Quant à Radek Brousil, établi à Prague, il était de passage à La Fonderie Darling, à Montréal, entre septembre et novembre 2018, pour le programme de Résidence internationale. Dans le cadre de cette exposition, l’artiste propose l’installation Hey Sorrow Where Are You? qui, entièrement produite à la Fonderie, se dissipe ici et là dans l’ensemble de la galerie. La série s’amorce avec une enfilade d’individus tragi-comiques, moulés en céramique, qui s’apparentent à des cigares fumants. Les êtres intrigants et effarants, aux ondoyantes teintes orangées et violacées, ponctuent la Galerie 17/18; l’un d’eux est disposé sur l’un des calorifères, le suivant est déployé sur la cheminée et les six autres sont rassemblés à l’intérieur de l’âtre du foyer. Disloqués, éclatés, massacrés et insurgés, les supposés cigares au regard triste — pleurant des larmes ultra-violentes — paraissent animés en raison des positions biscornues que Brousil leur inflige, entre moquerie et tromperie. Les simulacres de braise sur la tête de ceux-ci semblent incandescents — réels. Des pièces alliant des photographies imprimées sur textile et des moulages de céramique à motif de fleurons sont dispersées dans le salon. L’une des cheminées est voilée d’un pan de tissu aux allures de courtepointe artisanale; un amalgame de tissus éthérés et bigarrés sur lesquels sont juxtaposées des photographies qui illustrent la soif, résultat d’une carence de ce besoin vital qu’est l’eau. Les images tentent désespérément de démontrer les conditions sociales, culturelles et, de surcroît, écologiques de la société d’aujourd’hui. À l’angle de deux murs, une fresque de céramique vert-de-gris forme la question « Hey Sorrow Where Are You? ». Cette interrogation sur cette indifférence généralisée relativement au chagrin résonne finalement dans chacune des œuvres de Brousil.

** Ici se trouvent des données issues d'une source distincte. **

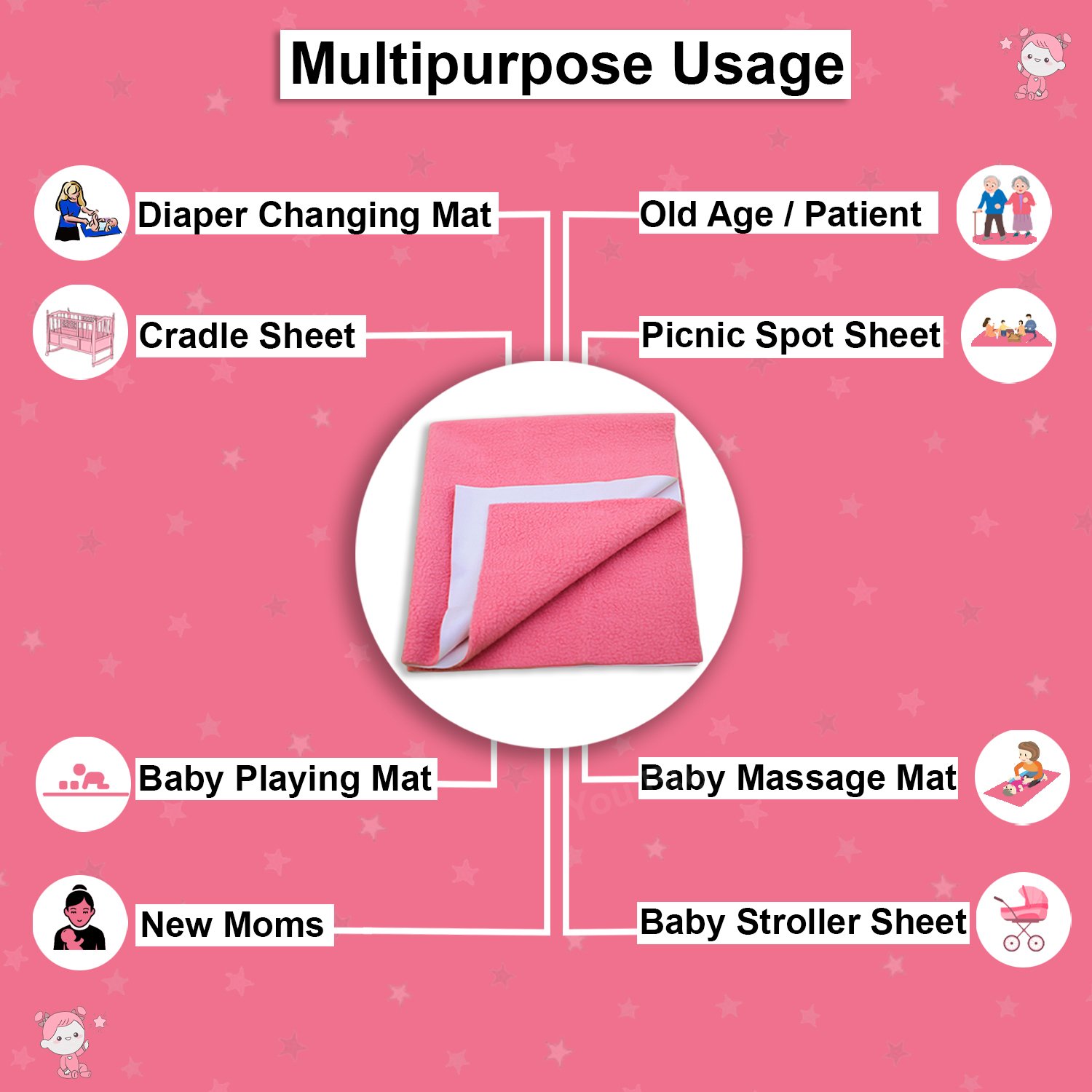 - Versatile Usage: Not just for beds, our baby dry sheet is versatile and can be used in cribs, strollers, travel seats, and more. Also, you can use this dry sheet as a diaper-changing mat for newborn babies & Baby massage mat. Wherever your baby sleeps or plays, our dry sheet for the baby provides reliable protection.

Les associations matérielles de chacune des propositions de Karen Kraven et Radek Brousil témoignent des grands maux écologiques de notre société : ils jettent un regard critique sur la situation actuelle de l’individu à l’égard de son environnement. Somme toute, au moyen de l’art, l’ambassade de la République tchèque a provisoirement changé sa vocation d’une représentation diplomatique au Canada pour devenir un véritable lieu de réflexions et de négociations quant à la surutilisation des ressources naturelles et des impacts anthropiques qui en découlent. Cette situation irréversible s’avère démontrée autrement par des pièces nuancées d’allégories rendues par les dissemblables matières; nostalgie du monde d’hier et mélancolie du monde d’aujourd’hui.

 


Jean-Michel Quirion est candidat à la maîtrise en muséologie à l’Université du Québec en Outaouais (UQO). Ses recherches portent sur l’élaboration d’une typologie de procédés de diffusion d’œuvres performatives muséalisées. Il travaille actuellement au Centre d’artistes AXENÉO7 situé à Gatineau. À Montréal, Quirion s’investit également au sein du groupe de recherche et réflexion CIÉCO : Collections et impératif évènementiel/The Convulsive collections. Commissaire indépendant, son plus récent projet, Tout contexte est art, a été présenté à la Galerie UQO en 2018. En tant qu’auteur, il contribue régulièrement à ESPACE art actuel, Inter art actuel ainsi qu’à Ciel variable.